The mix of Dura Ace (_derailleurs_) and Ultegra (_everything else_) with Di2 shifters. About $1,100 less than the full Dura Ace Di2 on Trek's site. Is this a Trek thing or are other companies offering it as well?


----------



## JSWhaler (Nov 25, 2009)

There are a couple of other companies that offer this modified setup. I believe that Giant was the first though, but don't quote me. They've been offering this for over a year and Felt has also been doing it for sometime now to.


----------



## LWP (Jun 6, 2006)

Thanks.

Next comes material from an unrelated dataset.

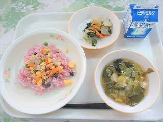 1/14(水) の給食【おせちを味わう②】 給食室より Twitter Facebook はてブ Pocket LINE コピー 2026.01.14 【おせち給食】黒豆寿司、小松菜のこんぶ和え、豆腐のすまし汁、牛乳★黒豆寿司は黒豆は「まめに働く」「健康でまめに暮らす」という願いが込められています。小松菜は「緑の野菜で健康を願う」、昆布は「よろこぶ」に通じる縁起物です。 Post Views: 28

I ride Ultegra now and I'm extremely happy with it so it seems like the way to go for the price difference if I decide I want to go with Di2.


----------



## Colton (Oct 31, 2002)

*Felt F2 Di2*

Felt offers a complete package with Di2 + Ultegra on their 2010 F2.
The bike comes with Ultegra brakes, cassette and chain, everything else is Di2.


----------



## alias33 (Sep 15, 2008)

di2 shifters, derailers, crank, cassette and sram brakes.


----------



## AnthonyL88 (Oct 9, 2007)

2010 Felt Z2 was offering it too with Di2 and Ultegra cassette, crankset etc. But the 2011 Felt Z2 is all Dura Ace/Di2.


----------